_PROVIDED INFORMATION_:

_____

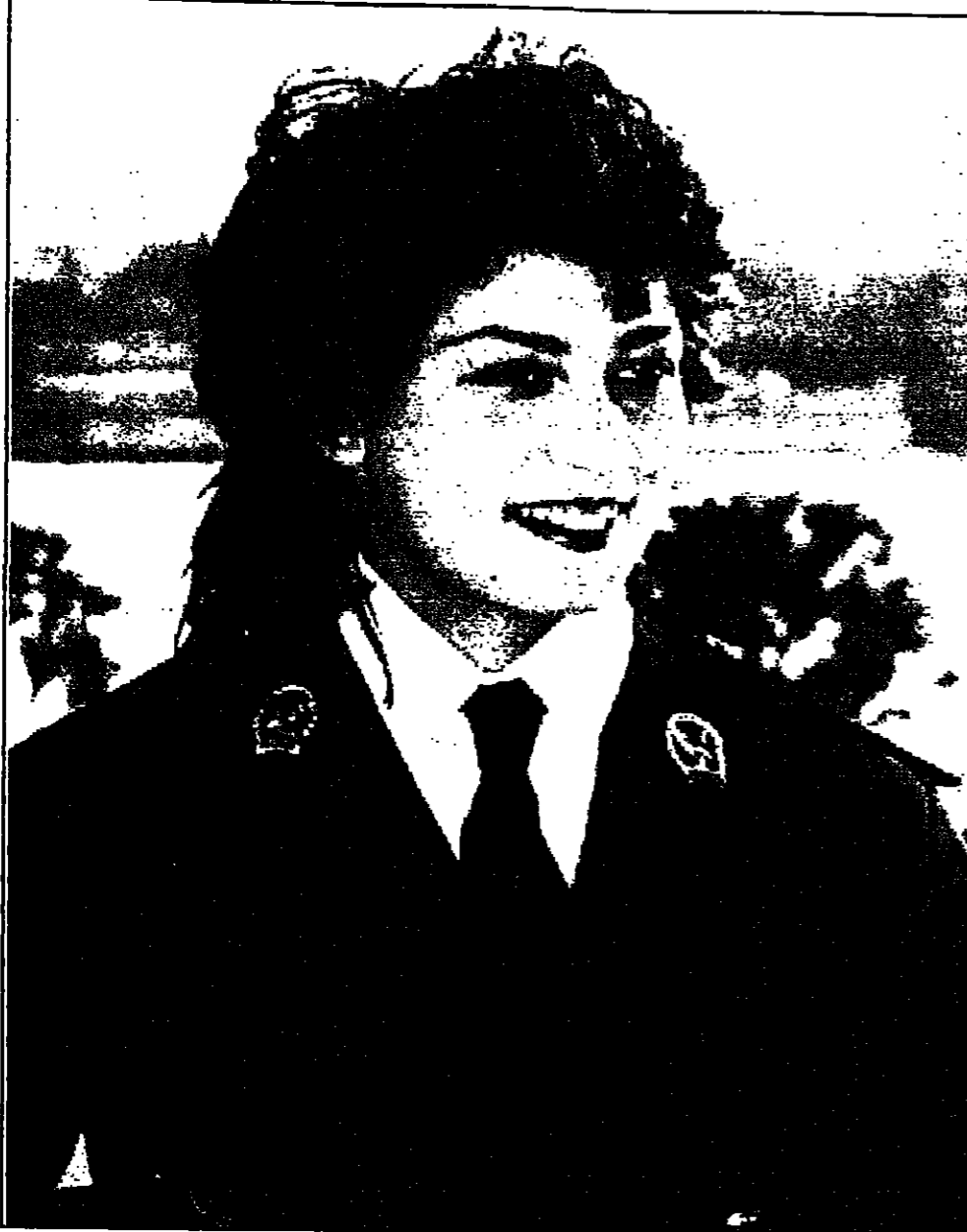
لثلاثة الساعات سماع انوار اجريت لها عملية جراحية جديدة تم فيها زرع مسمارين وهي العملية الثالثة والعشرون التي تجري لها بعد اسبابها في حادث سيارة. سماع مسافر الخارج بعد شربون لاجراء عملية اخرى.

تقريبا، ويقطع القطار المسافة بين اكبر مدينتي لنانيا في 55 دقيقة فقط بدلا من ثلاث ساعات حاليا. وقال جون شرايتمان مدير الخط للقيام بتجربة القطار فائق السرعة بانه المستحيل. لقد اخترنا وحسنا التكنولوجيا على مدار ثلاثين عاما ونحن مستعدون لقيامه الآن. وتكتمل تكاليف المشروع الحكومية الانائية وكوسونديوم شركات من بينها ايربوس وسيمتس وتيسن ويقعون تماما في ان دولا اخرى مستقبلي التكنولوجيا بعد ان يبدأ تشغيل القطار ويحقق ارباحا كما تمكثه لوقتها وهدية السكك الحديدية الانائية اسمها في المشروع. وتشمل الخطط المستقبلية مد الخط الى امستردام غربا ودرسدن وبراغ في الجنوب. ويقتصد مصنعو القطار والمطوون في الصناعة ان القطار يمكن ان يجتذب المسافرين سواء جوا او بالسيارات لساعات تتراوح ما بين 200 و80 كيلومتر. ويقول شرايتمان ان القطار فائق السرعة اكثر امنا من اي قطار سريع لخرسوا في فرنسا او لنانيا او اليابان ويصر على ان من المستحيل ان يخرج من القضبان. وتابع شرايتمان وهو مهندس طائرات طلق محاولا
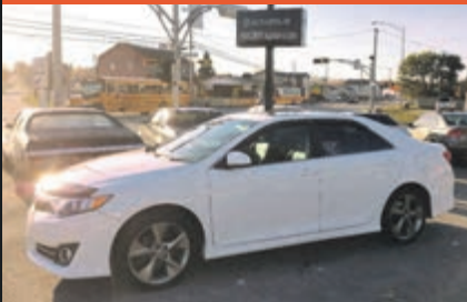
TOYOTA CAMRY 2012

KM : 70 453 km TR : Boîte automatique Prix: 15 995 $ - 1 000 $
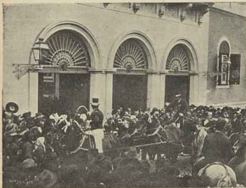
CHEGADA DE S. M. EL-REI D. CARLOS A EVORA
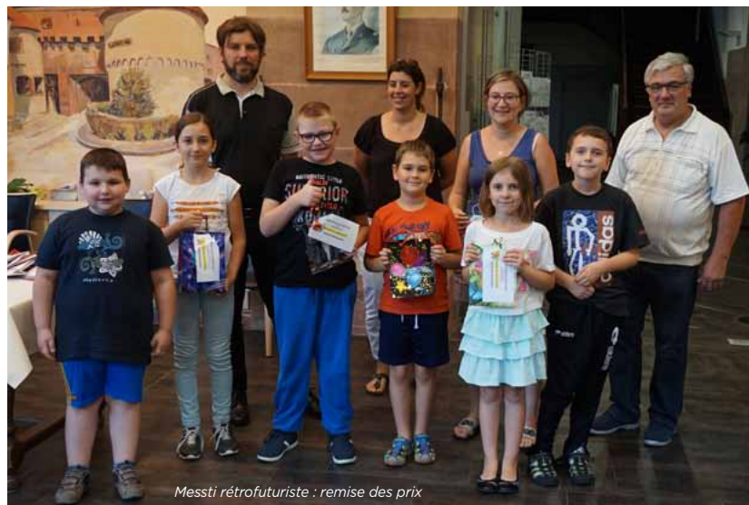
Messti rétrofuturiste : remise des prix
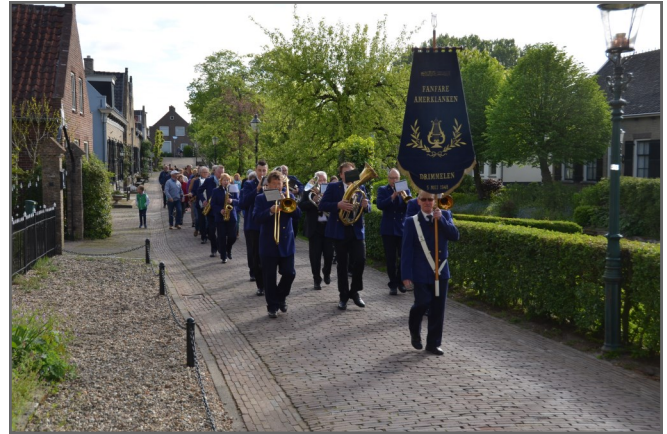
2015 - Dauwtrappen naar Oud-Drimmelen

De film "Biesboschvolk" wordt opgenomen.
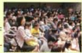
ワクワクが止まりません! 親子一緒に観劇

NPO法人子ども未来ネットワークと共催。メディアスタート・トイスタート・アートスタートに取り組んでいます。
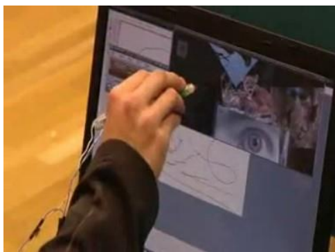
Delovanje IR Interaktivne table
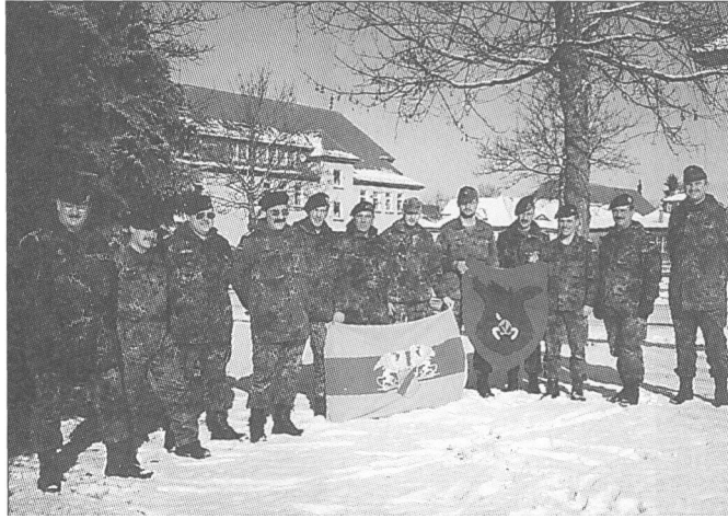
NACH DEM ENDE der Ausbildung stellten sich die »Badischen Jäger« zu einem Erinnerungsfoto.

Am folgenden Tag fand eine Waffenausbildung an den für
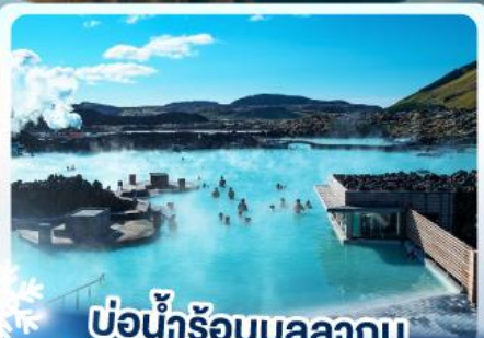
แช่น้ำร้อนบลูลากูน

เก็บไอซ์แลนด์ แดนภูเขาไฟคิรูกูฟลา และ แช่น้ำร้อนบลูลากูน
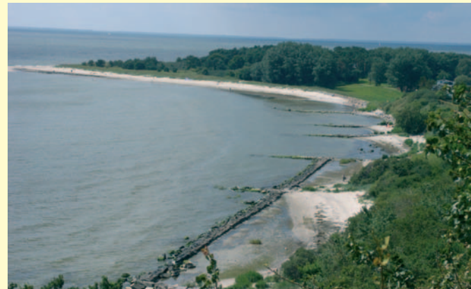
Blick vom Bakenberg
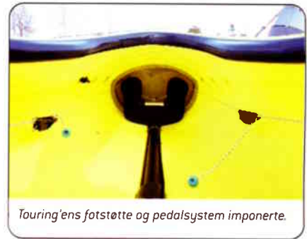
Touring'ens fotstøtte og pedalsystem imponerte.

Arne Hasle AS har 40 forhandlere rundt om i landet, og pris og tilbud vil variere etter tidsperiode, innkjøp og pakkeløsninger. Deres største forhandler, Ut i Naturen AS i Stavanger, har for eksempel, når dette skrives, gjort storinnkjøp og kan tilby Expedition pakkeløsning for knallprisen 11.200 kroner inkludert åre, spruttrekk og vest.
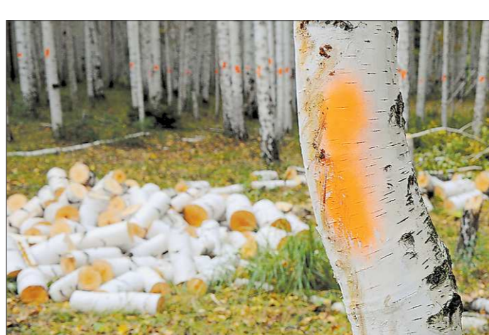
Где была роща, теперь пустошь

«Я бы не считал, что наша система права (я повторяю ещё раз — это континентальная система права, и в неё входят такие системы права, как право Германии, Франции, всей континентальной Европы) хуже, чем англо-американская система, а чем-то даже и лучше».
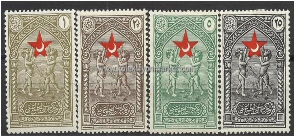
Ek 5. Himaye-i Etfal Cemiyeti Yardım Pulu(1928)
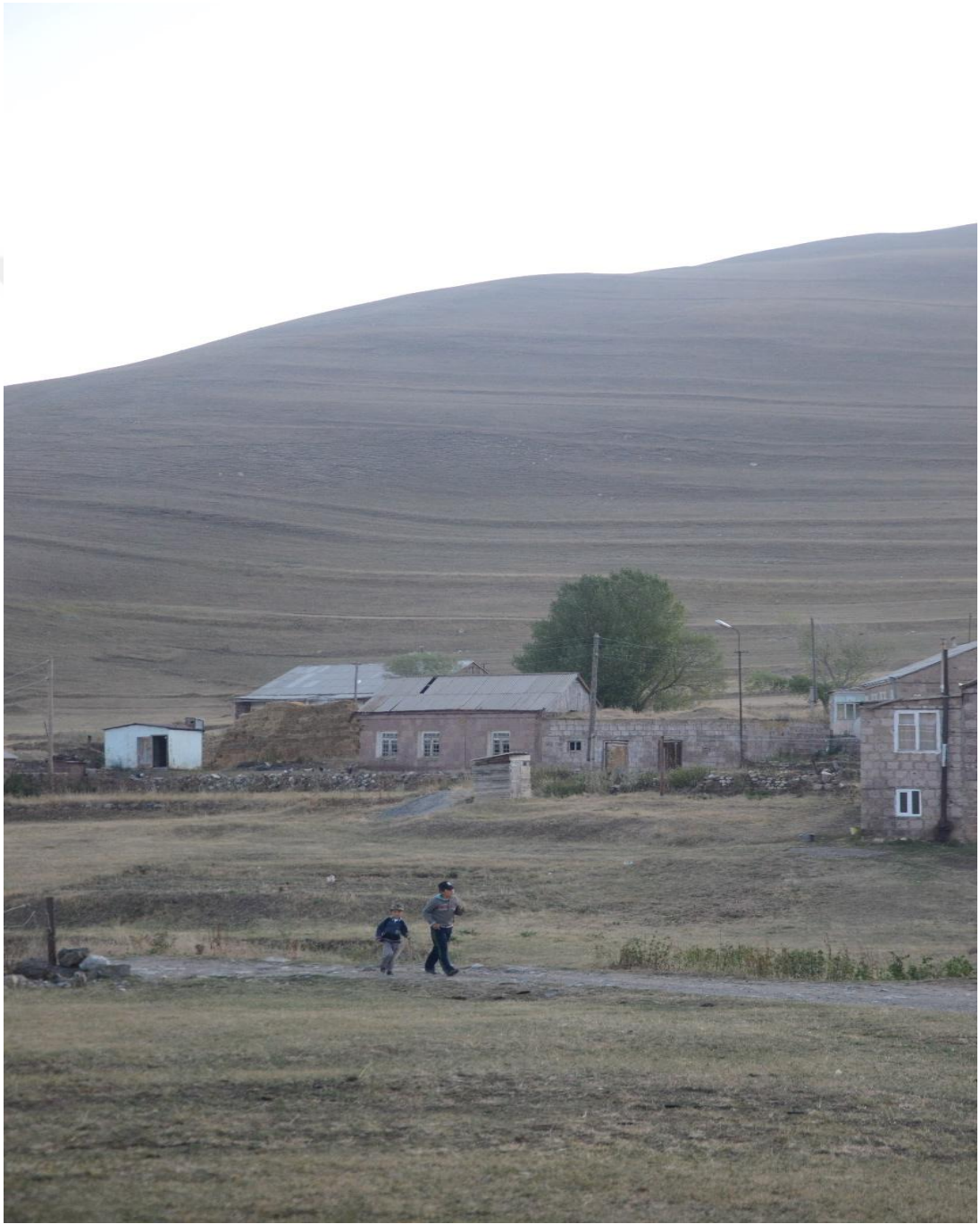
Wêneyê nehem: Berêvareka Gundê Pampê-Îlon-2017
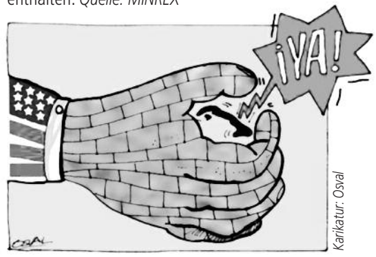
"Ya!" – Schluss damit, es reicht!"

Die US-Blockade wird jedes Jahr in der UN-Vollversammlung von den Mitgliedsstaaten fast einstimmig abgelehnt. 2016 stimmten 191 Länder gegen die Blockade, die USA und Israel hatten erstmals nicht für die Blockade votiert, sondern sich der Stimme enthalten. Quelle: MINREX
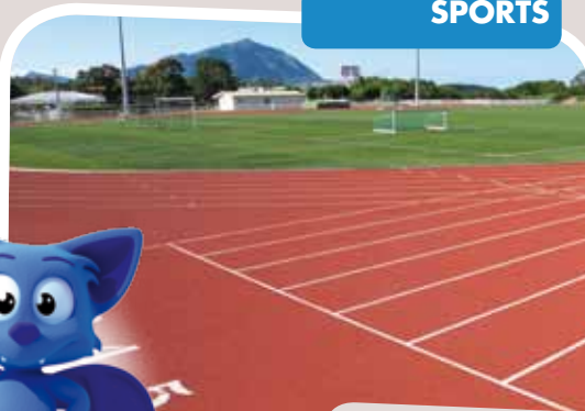
Le stade Boewa refait à neuf accueillera matchs de poule, demi-finales et petites finales dès le 27 août.
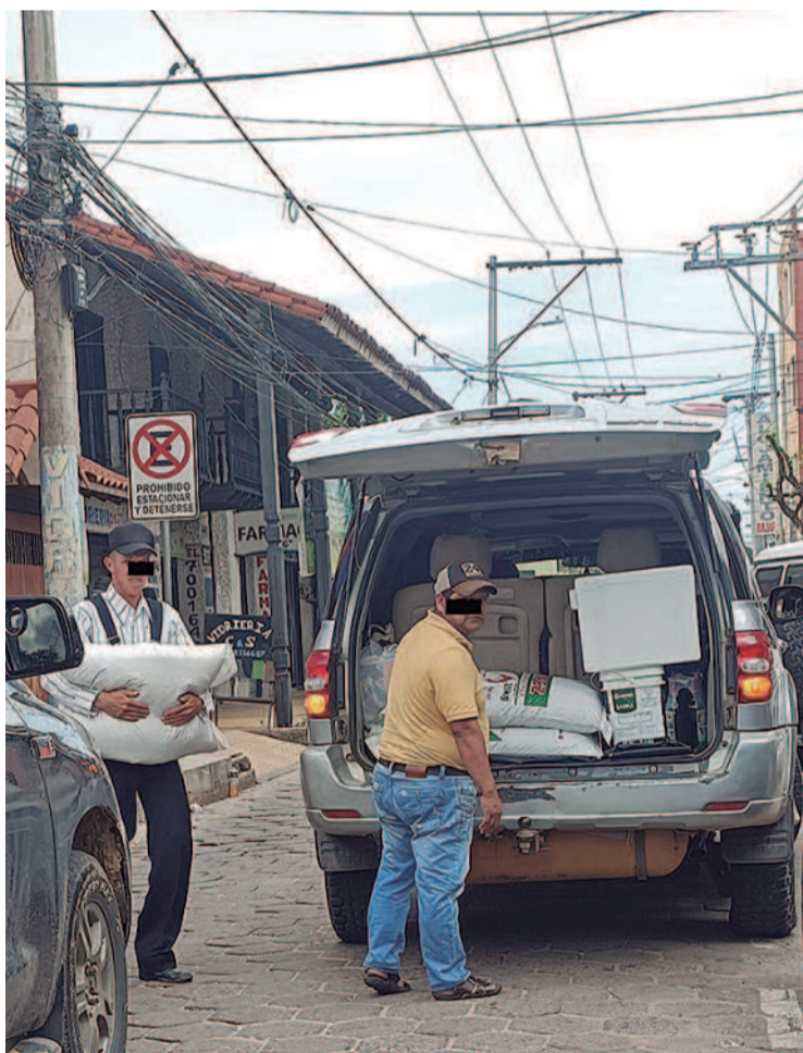
Personas compran insumos agroquímicos en la zona de Los Pozos

Landívar dijo que el decaimiento de población es notoria. "La gente se va a vivir a otros lados"

_____

If a line in the material contains the word "อนบล", copy that line.

แช่น้ำร้อนบลูลากูน
เก็บไอซ์แลนด์ แดนภูเขาไฟคิรูกูฟลา และ แช่น้ำร้อนบลูลากูน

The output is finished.